Хотя в двадцатилетний промежуток между серединой 1930‑х и серединой 1950‑х годов Советский Союз перестал рассматривать колониальный мир как геополитический приоритет, после Бандунгской конференции возник новый интерес к этой теме и начался второй этап советских отношений с третьим миром, пришедшийся на годы холодной войны (середину 1950‑х – 1980‑е годы), когда эти контакты достигли своего пика. В этот период не только шли разрушительные прокси-войны между сверхдержавами на Глобальном Юге, но и сформировалась на удивление благоприятная атмосфера для расцвета культуры третьего мира21. В этой книге я показываю, как борьба двух сверхдержав за культурное влияние существенно приумножила символические и материальные ресурсы, доступные деятелям культуры третьего мира: гонорары, приглашения и аудиторию. Холодная война в сфере культуры расширила и имевшееся у них пространство для маневра, поскольку сверхдержавы состязались за их внимание. Сводя воедино эти контакты и рассматривая прежде всего советские (или связанные с СССР) структуры и институты, ориентированные именно на незападные культуры, я демонстрирую, что Средняя Азия и Кавказ выступали как посредники и играли ключевую роль в попытках Советского Союза завоевать расположение писателей, режиссеров и публики третьего мира.

Хотя в послесталинскую эпоху Советский Союз продолжал привлекать миллионы жителей Африки, Азии и Латинской Америки, а объем проектов и ресурсов, направляемых им на деколонизированный мир, непрерывно возрастал, он в значительной мере утратил притягательность, которой обладал в межвоенные годы. Из-за негибкости советской версии марксизма СССР в конечном счете часто отказывал в самостоятельности новым силам третьего мира, стремившимся самоутвердиться, слишком усердно пытаясь направлять, поучать и контролировать их. Интеллектуалов третьего мира могли также отталкивать стремление СССР к статусу сверхдержавы (в противовес поддержке международного коммунизма) и сопутствующая ему бюрократизация советского международного аппарата, достигшая в эпоху брежневского застоя устрашающих масштабов22. Позднесоветский марксизм, чуждый искренности, творческого подъема и яростных споров, характерных для первых лет после прихода большевиков к власти, слишком часто разубеждал незападные общества в необходимости социалистической революции, потому что условия не «созрели», а пролетариат недостаточно силен или многочислен, отрицая таким образом применительно к другим странам пересмотр марксизма, осуществленный Лениным в случае России (не обязательно ждать, пока «созреют» условия)23. Вместе с тем основание Движения неприсоединения, антиколониальные силы, упрочившиеся в разных регионах, и знаковые революции в Китае и на Кубе привели к утрате Советским Союзом прежней монополии на государственную поддержку антиколониализма и антирасизма.

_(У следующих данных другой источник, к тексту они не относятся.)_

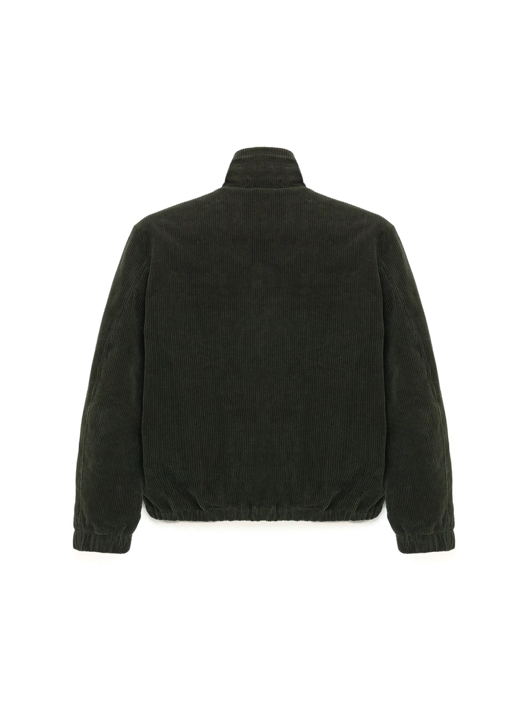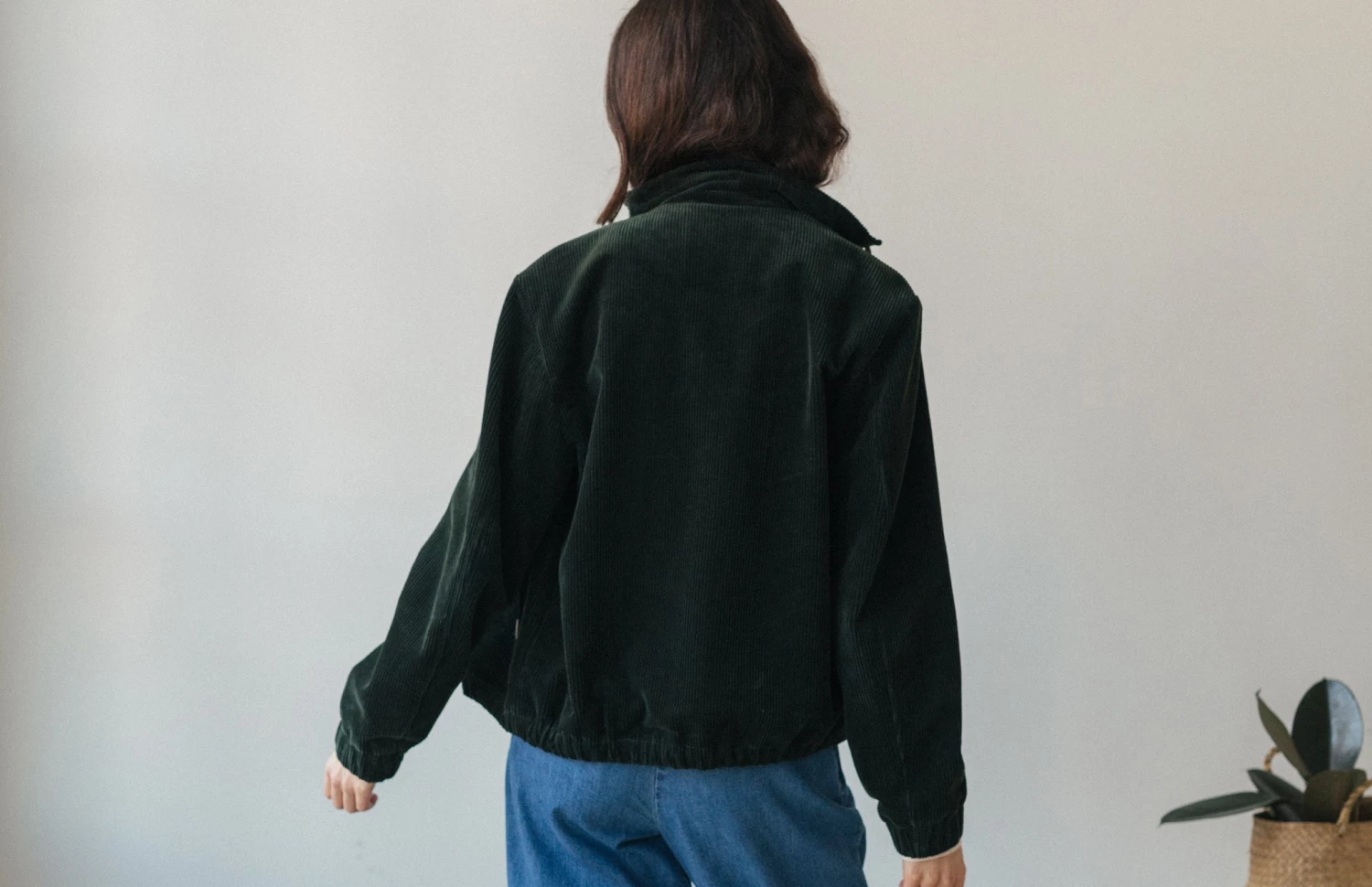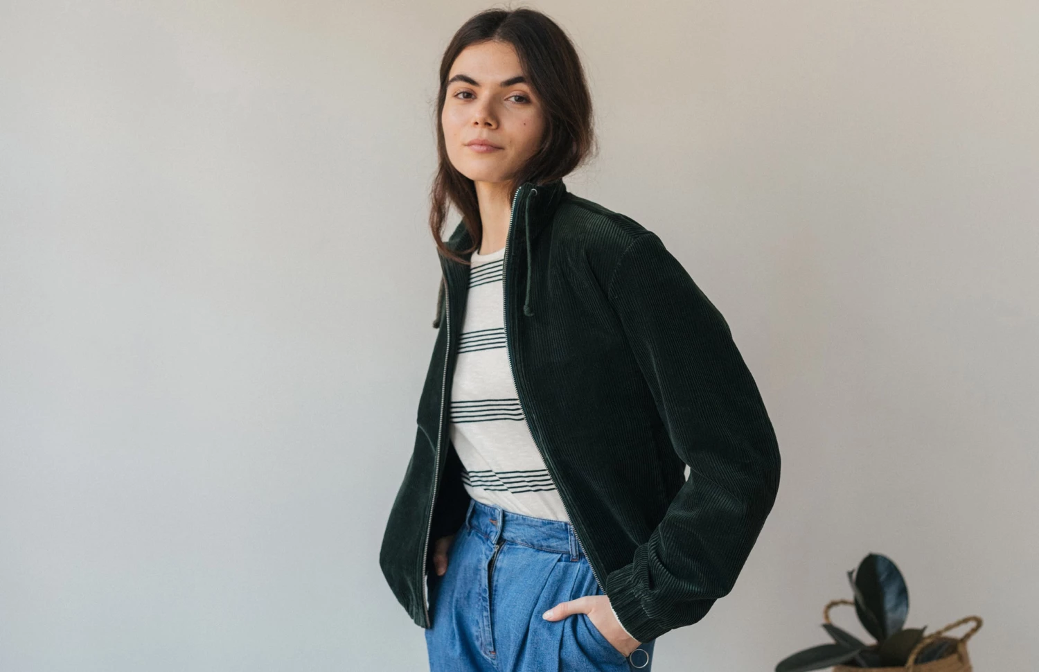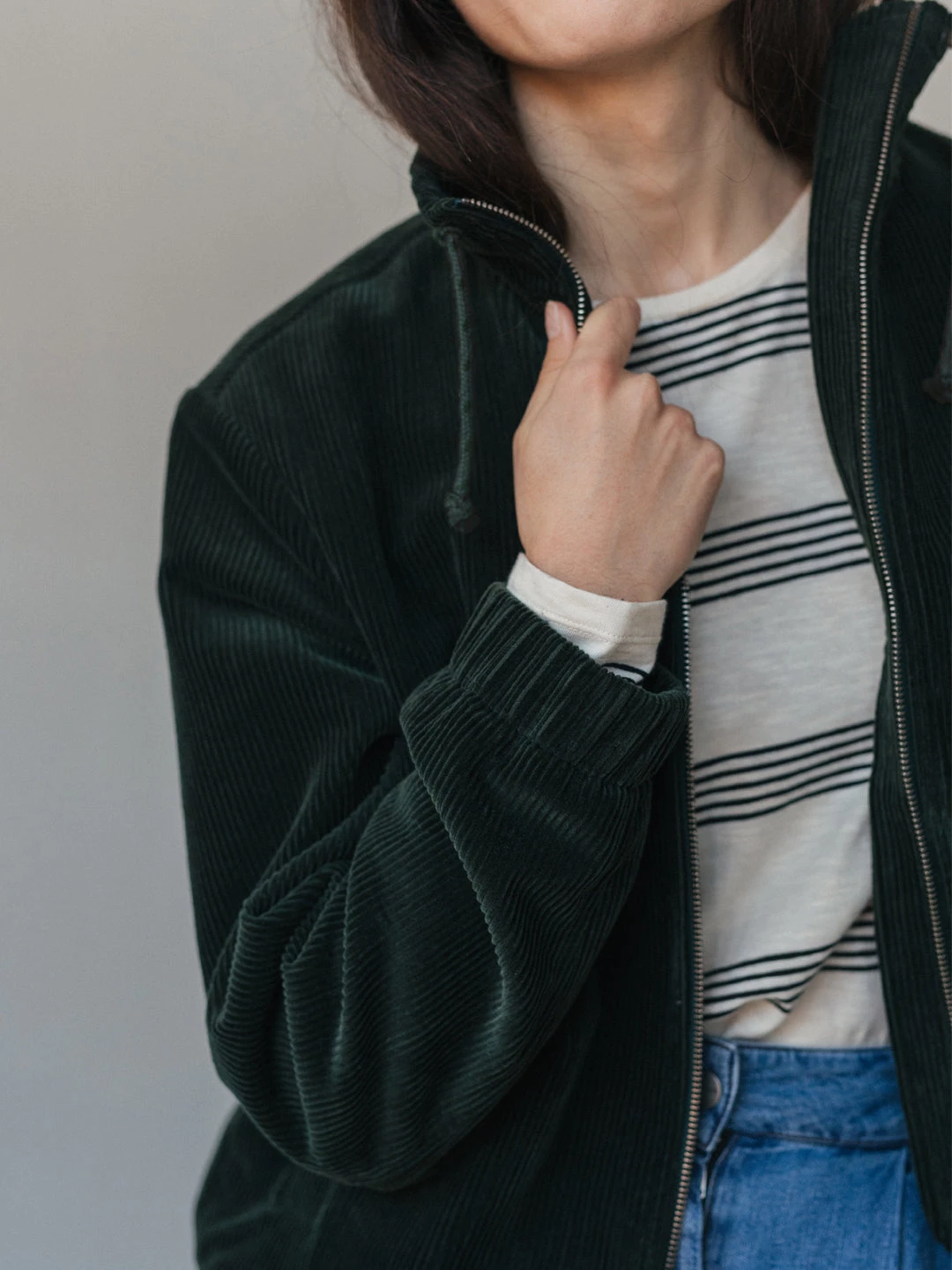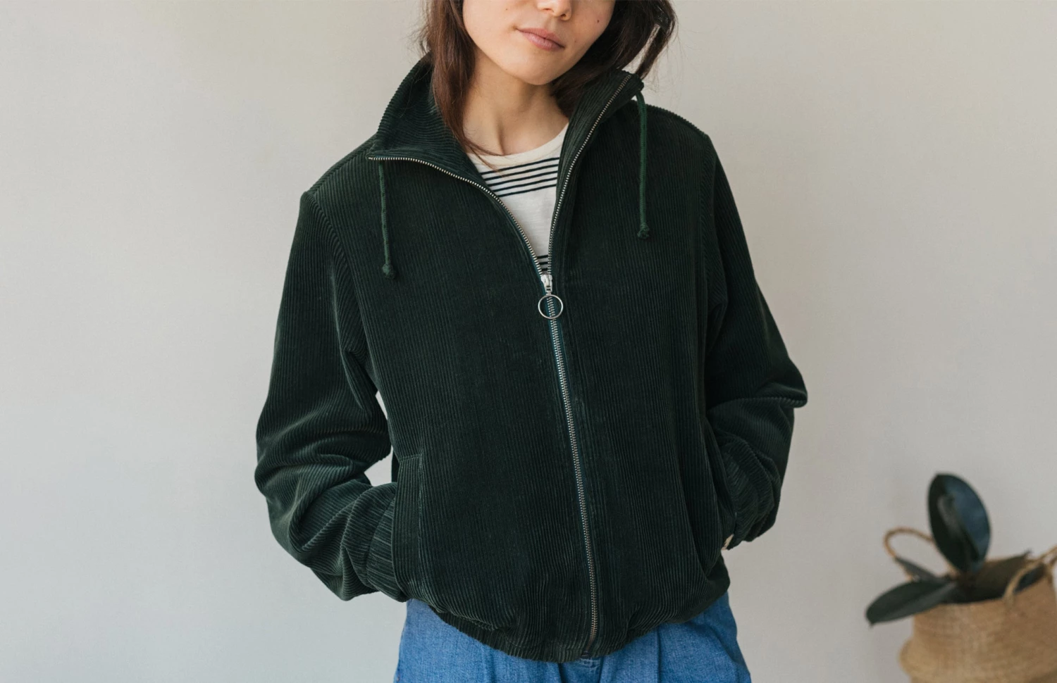 Organic corduroy and a comfy feeling are what makes the Evans jacket special. It is designed with a high neckline that has a drawstring puller to adjust, dropped shoulders and 3 pockets in total – one on the inside. The Evans has elastic inside the bottom and cuffs and it comes in a fairly oversized fit and hip-length cut.

Кроме того, как показывает очень небольшое количество женских имен в этой книге, советский интернационализм если и не был чисто мужским делом, то, по крайней мере, не интересовался вопросами гендерного равенства. Никакой роли в нем не играла и расовая принадлежность – факт, который участники этого движения из советской Средней Азии призваны были замаскировать. Сам дискурс расы – чрезвычайно чувствительная для объединений третьего мира тема – вызывал серьезное беспокойство у советских культурных организаций послесталинской эпохи: они видели в ней потенциальную угрозу, так как составляли часть бывшей империи с преимущественно белым населением. Как я покажу далее, на протяжении последних двадцати пяти лет существования СССР красная звезда Октябрьской революции постепенно меркла в глазах интеллектуалов и аудитории третьего мира, и рост ресурсов, которые советское правительство вкладывало в подобные проекты, лишь отчасти компенсировал эту потерю.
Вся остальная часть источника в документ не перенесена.